====== DATA PROVIDED ======

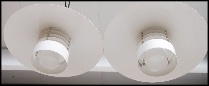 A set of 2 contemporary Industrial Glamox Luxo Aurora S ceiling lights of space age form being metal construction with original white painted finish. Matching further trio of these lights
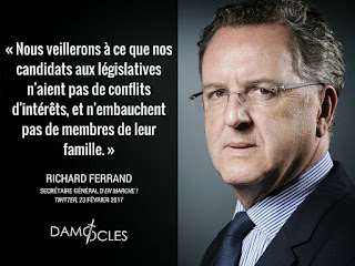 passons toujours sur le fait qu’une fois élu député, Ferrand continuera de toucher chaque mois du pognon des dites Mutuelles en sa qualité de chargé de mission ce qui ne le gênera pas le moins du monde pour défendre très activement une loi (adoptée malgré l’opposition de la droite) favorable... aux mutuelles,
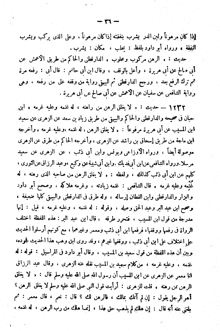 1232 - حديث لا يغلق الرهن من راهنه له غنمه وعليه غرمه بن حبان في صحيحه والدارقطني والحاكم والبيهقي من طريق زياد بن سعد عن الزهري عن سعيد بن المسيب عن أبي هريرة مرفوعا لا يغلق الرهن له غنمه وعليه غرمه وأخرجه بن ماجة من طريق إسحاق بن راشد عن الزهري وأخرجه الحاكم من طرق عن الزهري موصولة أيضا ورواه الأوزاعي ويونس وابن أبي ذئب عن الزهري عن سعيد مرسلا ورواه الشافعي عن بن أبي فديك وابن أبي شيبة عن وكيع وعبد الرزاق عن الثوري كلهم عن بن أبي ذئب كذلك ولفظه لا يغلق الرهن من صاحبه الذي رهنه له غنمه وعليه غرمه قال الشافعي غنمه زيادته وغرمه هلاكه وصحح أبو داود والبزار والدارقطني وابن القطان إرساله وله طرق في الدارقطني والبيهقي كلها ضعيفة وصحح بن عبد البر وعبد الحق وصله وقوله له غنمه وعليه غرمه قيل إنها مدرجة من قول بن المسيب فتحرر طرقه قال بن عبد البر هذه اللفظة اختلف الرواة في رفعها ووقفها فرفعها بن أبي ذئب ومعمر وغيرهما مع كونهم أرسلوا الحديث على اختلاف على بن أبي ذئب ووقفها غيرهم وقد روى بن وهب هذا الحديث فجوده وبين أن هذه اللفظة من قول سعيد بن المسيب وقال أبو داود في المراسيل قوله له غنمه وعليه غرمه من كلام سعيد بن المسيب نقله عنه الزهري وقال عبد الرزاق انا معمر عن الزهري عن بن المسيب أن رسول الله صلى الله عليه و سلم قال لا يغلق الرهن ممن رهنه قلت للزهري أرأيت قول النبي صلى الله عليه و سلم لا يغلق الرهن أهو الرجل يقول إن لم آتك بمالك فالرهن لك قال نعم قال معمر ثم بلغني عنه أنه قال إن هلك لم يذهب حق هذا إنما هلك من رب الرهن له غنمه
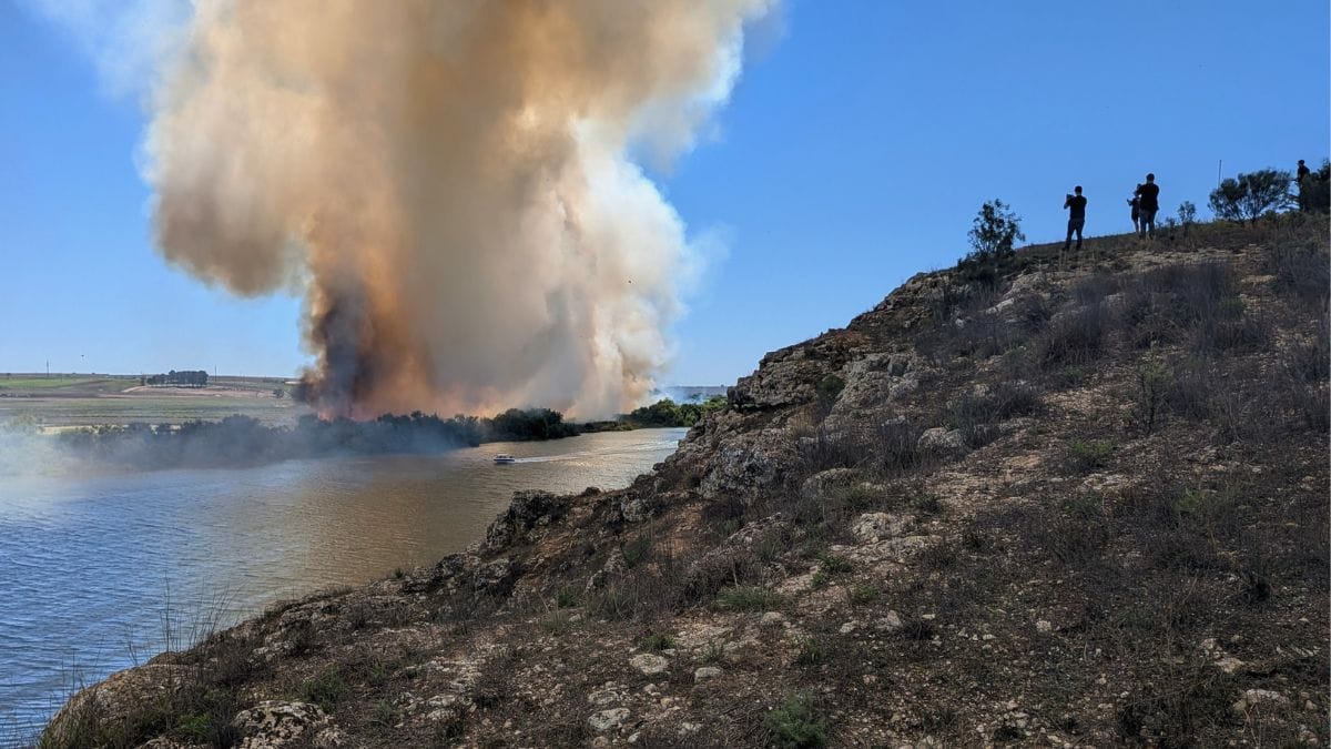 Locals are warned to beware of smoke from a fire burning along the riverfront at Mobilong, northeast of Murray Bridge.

======

_WHAT THE TASK REQUIRES:_
Extract the lines exactly, please: the first line of the listing, the line with "1232 - حديث", and every line between them, but no pictures.

_ANSWER TO THE PROBLEM:_
 A set of 2 contemporary Industrial Glamox Luxo Aurora S ceiling lights of space age form being metal construction with original white painted finish. Matching further trio of these lights
 passons toujours sur le fait qu’une fois élu député, Ferrand continuera de toucher chaque mois du pognon des dites Mutuelles en sa qualité de chargé de mission ce qui ne le gênera pas le moins du monde pour défendre très activement une loi (adoptée malgré l’opposition de la droite) favorable... aux mutuelles,
 1232 - حديث لا يغلق الرهن من راهنه له غنمه وعليه غرمه بن حبان في صحيحه والدارقطني والحاكم والبيهقي من طريق زياد بن سعد عن الزهري عن سعيد بن المسيب عن أبي هريرة مرفوعا لا يغلق الرهن له غنمه وعليه غرمه وأخرجه بن ماجة من طريق إسحاق بن راشد عن الزهري وأخرجه الحاكم من طرق عن الزهري موصولة أيضا ورواه الأوزاعي ويونس وابن أبي ذئب عن الزهري عن سعيد مرسلا ورواه الشافعي عن بن أبي فديك وابن أبي شيبة عن وكيع وعبد الرزاق عن الثوري كلهم عن بن أبي ذئب كذلك ولفظه لا يغلق الرهن من صاحبه الذي رهنه له غنمه وعليه غرمه قال الشافعي غنمه زيادته وغرمه هلاكه وصحح أبو داود والبزار والدارقطني وابن القطان إرساله وله طرق في الدارقطني والبيهقي كلها ضعيفة وصحح بن عبد البر وعبد الحق وصله وقوله له غنمه وعليه غرمه قيل إنها مدرجة من قول بن المسيب فتحرر طرقه قال بن عبد البر هذه اللفظة اختلف الرواة في رفعها ووقفها فرفعها بن أبي ذئب ومعمر وغيرهما مع كونهم أرسلوا الحديث على اختلاف على بن أبي ذئب ووقفها غيرهم وقد روى بن وهب هذا الحديث فجوده وبين أن هذه اللفظة من قول سعيد بن المسيب وقال أبو داود في المراسيل قوله له غنمه وعليه غرمه من كلام سعيد بن المسيب نقله عنه الزهري وقال عبد الرزاق انا معمر عن الزهري عن بن المسيب أن رسول الله صلى الله عليه و سلم قال لا يغلق الرهن ممن رهنه قلت للزهري أرأيت قول النبي صلى الله عليه و سلم لا يغلق الرهن أهو الرجل يقول إن لم آتك بمالك فالرهن لك قال نعم قال معمر ثم بلغني عنه أنه قال إن هلك لم يذهب حق هذا إنما هلك من رب الرهن له غنمه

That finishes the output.